1 Rischio e pericolo vulcanico

2 Che cosa si intende con rischio vulcanico?
Rischio e pericolo sono due grandezze diverse e sono messe in relazione dalla formula: R = P x V x E V è la vulnerabilità (per esempio quanto un edificio è ben costruito); E l'esposizione (in pratica, quante persone o beni possono essere danneggiati in una certa area); La pericolosità (P), nel caso dei vulcani, si può definire come la capacità che ha un vulcano di modificare l'ambiente intorno a sé. Il rischio è invece la probabilità che queste manifestazioni (tipicamente le eruzioni) danneggino la popolazione in termini di perdite umane o di danni materiali.

3 È possibile prevedere un'eruzione?
Per i vulcani ad attività persistente (in Italia Etna e Stromboli) è possibile fare buone previsioni perché esistono molti dati sul loro comportamento. Nel caso degli altri vulcani attivi ma quiescenti, che cioè hanno eruttato entro gli ultimi anni, esistono poche osservazioni dirette o sono del tutto assenti, quindi non è possibile fare previsioni precise.

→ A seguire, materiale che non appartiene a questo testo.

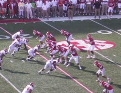 A football team began representing the University of Arkansas in 1894 and has since become one of the nation's top 25 programs in terms of all-time wins at the Football Bowl Subdivision level.[52] The program was a charter member of the Southwest Conference (SWC) in 1915 and remained in that conference until departing for the Southeastern Conference in 1991, where Arkansas has remained.[53] From 1915 to 1991, the Razorbacks won the SWC championship 13 times and the national championship in the 1964 season, with great success coming under coaches Frank Broyles, Lou Holtz and Ken Hatfield.[53] Today, the team plays its home games on campus at Donald W. Reynolds Razorback Stadium, or at War Memorial Stadium, located in Little Rock, making the University of Arkansas the only Division I program with two home stadia.[54] Arkansas has also had recent success in the Bowl Championship Series (BCS) era, obtaining its first BCS berth in the 2011 Sugar Bowl and climbing as high as #3 in the BCS rankings in 2011 under Bobby Petrino.[55]

4 Come si studiano i vulcani italiani?
L’INGV utilizza diversi tipi di sensori, sia fissi che portatili: Sensori sismici GPS Clinometri Telecamere Immagini termiche Dilatometri Misura dei flussi di gas I vulcani sono studiati anche prelevando campioni del materiale eruttato e svolgendo analisi chimiche e petrologiche.

5 In che modo il lavoro dell'INGV permette di mitigare il rischio vulcanico?  
INGV ricava dallo studio del vulcano una serie di conoscenze che poi vengono usate da altri enti, come la Protezione Civile. Un esempio riguarda le ceneri vulcaniche emesse da Etna e Stromboli, che possono dare problemi agli aerei, alla viabilità autostradale, agli edifici e alla salute pubblica. L’Istituto, oltre a prevedere le eruzioni, prevede anche il comportamento delle ceneri in modo che sia possibile attuare le dovute contromisure.

6 Che cosa rimane ancora da fare in Italia?
Nonostante la presenza di almeno 10 vulcani attivi, in Italia non c’è una buona percezione del rischio vulcanico che, come dimostra il caso dell’ultima crisi bradisismica dei Campi Flegrei, non è comunque di semplice gestione. Dal punto di vista dei vulcanologi c’è ancora molto lavoro da fare per migliorare le nostre conoscenze, in particolar modo per i vulcani meno studiati, per esempio i Colli Albani o quelli sottomarini come il Marsili.